Penasaranku semakin menjadi-jadi. Apa yang terjadi dengan gadis itu, kenapa gadis yang tertawanya paling keras itu selalu menangis di malam hari. Besoknya, aku memilih turun lewat pipa dan masuk ke dalam kamarnya. Aku baru kepikiran dengan masuk kamarnya, bisa kulihat sendiri apa yang sebenarnya terjadi. Sungguh, ini hal yang paling nekat kulakukan. Jika orangtuaku tahu pasti akan meneriaki dan menyuruhku keluar. Karena itu sama saja membunuh diriku sendiri jika sampai ketahuan gadis itu.

Di depan kamarnya, aku mencari jalan untuk bisa masuk. Ya, aku akan masuk melalui jendela yang selalu dibuka dari pagi sampai dia berangkat tidur. Aku mencari persembunyian di celah-celah pagar besi dan tembok yang memagari lantai dua. Kutunggu waktu yang tepat agar bisa mengendap masuk tanpa dia ketahui. Agar dia tidak teriak ketakutan atau mengejar sambil melempari dengan barang-barang.

Sore harinya, saat dia mandi dan tidak ada orang yang lewat, aku mengendap-endap naik ke jendela dan berhasil terjun ke kasurnya. Langsung aku sembunyi di bawah meja. Aku mencari cara, kalau hanya di bawah meja pasti dia tahu. Lalu aku melihat almarinya sedikit terbuka. Aku melompat dan masuk ke dalamnya. Sekarang aku berada di dekat kardus dan tumpukan kertas. Sembunyi dibalik tumpukan itu agar dia tak menemukanku. Berdiam diri cukup lama supaya dia tidak mengendus keberadaanku.

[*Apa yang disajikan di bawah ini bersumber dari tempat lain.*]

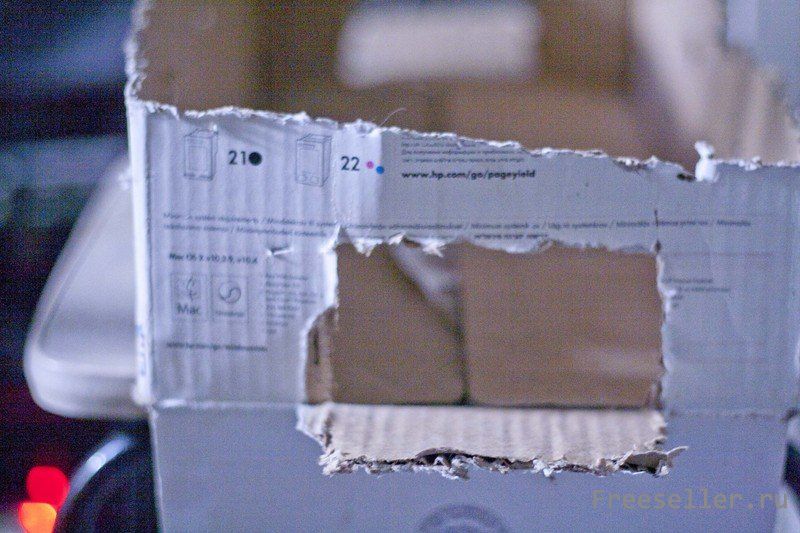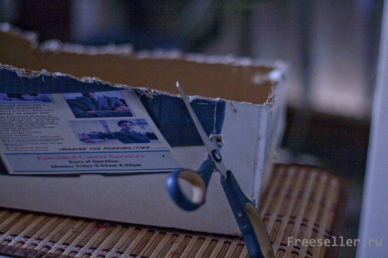 С тех сторон, где дырочки мы не проделывали, разрезаем такой прямоугольник. Это будут ворота:

Karena terlalu lelah diam dan badanku rasanya kaku, sedikit saja aku menggerakkan tangan dan kaki. Lagi-lagi gerakanku yang tidak seberapa itu menimbulkan suara gaduh. Dia yang sudah masuk kamarnya mulai curiga. Dibukanya almari yang sedang kudiami sambil dipukul-pukul pelan. Aku diam lagi agar dia tidak mengobrak-abrik isi almari lalu mengusirku. Dengan susah payah aku menahan tubuhku yang mulai pegal-pegal. Aku ingin dia tidak lagi curiga atau khawatir dengan keberadaanku. Aku berjanji tidak akan mengganggu atau menyakitinya. Ah, aku bodoh sekali. Mana mungkin dia akan percaya dengan janjiku, mendengarku saja dia enggan.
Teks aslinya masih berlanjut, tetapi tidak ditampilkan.